Türkiye İşçi Sendikaları Konfederasyonu (TÜRK-İŞ) 9. Bölge Temsilcisi Orhan Gözgeç, geçtiğimiz hafta, Aşkale de ki Karasu Baraj Gölünde 5 Tedaş işçisinin hayatını kaybetmesi olayıyla ilgili olarak İHA`ya değerlendirmelerde bulundu.
``Kaza demeye dilimiz varmıyor`` diyen Gözgeç, Tuzla tersanelerinde, Bursa`nın Mustafakemalpaşa, Balıkesir`in Dursunbey, Zonguldak`ın Karadon maden ocaklarında, Ankara`da OSTİM ve İvedik Organize Sanayi Bölgeleri`nde, Adana`nın Kozan ilçesinde, İstanbul Esenyurt`ta meydana gelen ve onlarca işçimizin hayatını kaybetmesine neden olan iş felaketlerinin ardından son olarak Erzurum`un Aşkale ilçesindeki Karasu Baraj Gölünde 5 işçimizin feci şekilde can vermesi ihmaller ve tedbirsizliklerde gözetildiğinde iş kazalarını cinayet haline getirmektedir. Sadece Mart ayı içerisinde 59 işçimiz hayatını kaybetti`` diye konuştu.
TÜRK-İŞ 9. Bölge Temsilcisi Orhan Gözgeç; ``˜`İş sağlığı ve güvenliği konularında gerekli tedbirlerin alınmaması sonucu yaşanan bu iş felaketleri sonucu yüreğimiz kanıyor. Göstermelik cezalar veriliyor ve bu bir şeyleri düzeltmiyor, bu konunun özerine mutlaka gidilmeli. Siyasi iradeyi, baroyu, hâkimleri ve savcıları göreve davet ediyoruz.`` dedi.

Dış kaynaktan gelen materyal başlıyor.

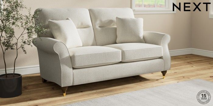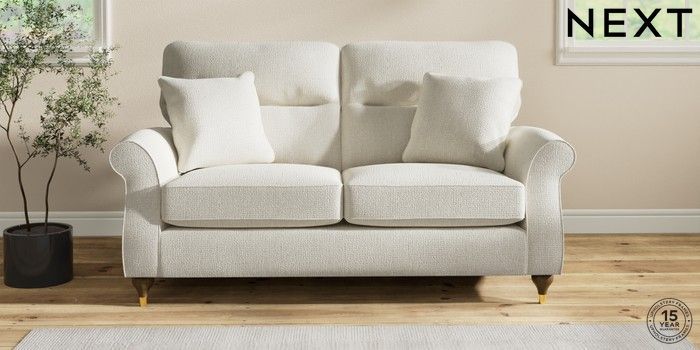 7.2.10 Ashford Highback 2 Seater Sofa Chunky Texture Oyster Modern Turned Metal Cap - Mid | Made Click here to use our website with more accessibility support, for example screen readers

``Ölenler bizim insanlarımız, acılar bizim acılarımız`` diyen Gözgeç, tüm işçilerin sağlıklı ve güvenli şartlar altında çalışmaya hakları olduğunu söyledi.
İş sağlığı ve güvenliği kanununun bir an önce çıkarılması gerektiğine dikkat çeken Gözgeç, daha sonra şunları kaydetti; ``Gerekli önlemlerin alınmamasından ötürü bir işçinin, emekçinin hayatını kaybetmesi cinayettir. İşçileri buz tutmuş göle gönderenler ve çırpına çırpına hayatlarını kaybetmelerine neden olanlar bir an önce gerekli cezalara çarptırılmalıdır. Bunun işin takipçisi olacağız.``
Afşin-Elbistan termik santrali inşaatında yaklaşık iki yıl önce meydana gelen iş felaketinde tonlarca toprak altında kalan işçilerin cenazelerin iki yıldır çıkarılamadığını ifade eden Gözgeç, bu yaşanan iş felaketleri, özelleştirmenin ve taşeronlaşmanın eseri olduğunu söyledi. Gözgeç, ``İnsana saygı yok, değer yok. Yeterli eğitimler verilmemiş, gerekli tedbirleri alınmamış işçilerimizi işe sürmek felaketlere davetiye çıkarmaktır. Sonra da yaşanan olaylarda yetişmiş ustalara fatura çıkarılıyor. Biz bunun için özelleştirmelerin, taşeronlaşmanın karşısında olduk.`` dedi.